Türkiye İstatistik Kurumu’nun (TÜİK) 2021 yılına ait Hanehalkı İşgücü Araştırması yıllık sonuçları (HİA) 23 Martta açıklandı. TÜİK’in açıkladığı verilere göre 2021 yılında çalışma çağında olup da çalışamayanların oranı yüzde 24,4 oldu. Resmi işsizlik oranı ise yüzde 12 olarak açıklandı. TÜİK ayrıca 2020 ile 2021 arasındaki bir yıllık dönemde istihdamda 2,1 milyon kişilik bir artış olduğunu, 2020 yılında yüzde 42,7 olan istihdam oranının ise 2,5 puanlık artışla yüzde 45,2 olduğunu açıkladı. TÜİK’in gerçek işsizlik verilerine ulaşmak yerine işsizliği düşük göstermek hedefiyle uyguladığı yöntemin verdiği sonuçlar, hayatın gerçekleriyle örtüşmüyor. Zaten TÜİK’in 2021 işsizlik oranlarını açıklamasının ardından sadece 2 gün geçmişti ki Adıyaman’dan gelen bir haber TÜİK verilerinin gerçeklerle uyuşmadığını ve işsizliğin nasıl büyük bir sorun olduğunu ortaya koydu. Sağlık Bakanlığının Adıyaman’da açtığı 53 kişilik işçi kadrosuna 25 bin kişi başvurdu. Bunlar içinde temizlik işi için açılan 19 kişilik kadroya 17 bin 86 kişinin başvurması ve bunların da 2 bin 170’inin üniversite mezunu olması işsizlik sorununun geldiği boyutu çarpıcı bir şekilde gösteriyor.
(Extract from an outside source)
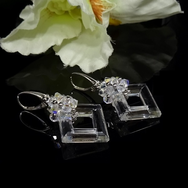 Kolczyki – srebrne p. 925, wykonane z kryształów Precioso . Doskonały dodatek ślubny i wieczorowy.

TÜİK’in 2021 yılı işgücü verilerini açıklamasının ardından Devrimci İşçi Sendikaları Konfederasyonu Araştırma Merkezi (DİSK-AR), TÜİK’in verilerini kullanarak 2021 yılı İşsizlik ve İstihdam Görünümü raporunu açıkladı. Açıklanan raporda TÜİK’in verilerinin sınırlı olduğu, istihdam verilerinin tek başına istihdamın niteliği konusunda bilgi vermediği, bu nedenle DİSK-AR’ın istihdamın niteliğine göre bir ayrıma giderek yeni bir istihdam verisi hesaplamaya başladığı belirtiliyor. İstihdamı değil kayıtlı ve tam zamanlı olarak çalışanların oranını ortaya koyan bu yönteme Kayıtlı ve Tam Zamanlı İstihdam (KATİ) deniyor. Bu hesaplama yöntemi ile ve TÜİK’in verileri kullanılarak 2021 yılı işsizlik rakamlarını açıklayan DİSK-AR raporuna göre gerçek işsiz sayısı salgın öncesine göre (2019) 1,4 milyon arttı. Çalışma çağındaki (15 yaş üstü) 63,7 milyon kişinin sadece 19,7 milyonunun, kadınların ise 5,3 milyonunun kayıtlı ve tam zamanlı bir işe sahip olduğu açıklanıyor.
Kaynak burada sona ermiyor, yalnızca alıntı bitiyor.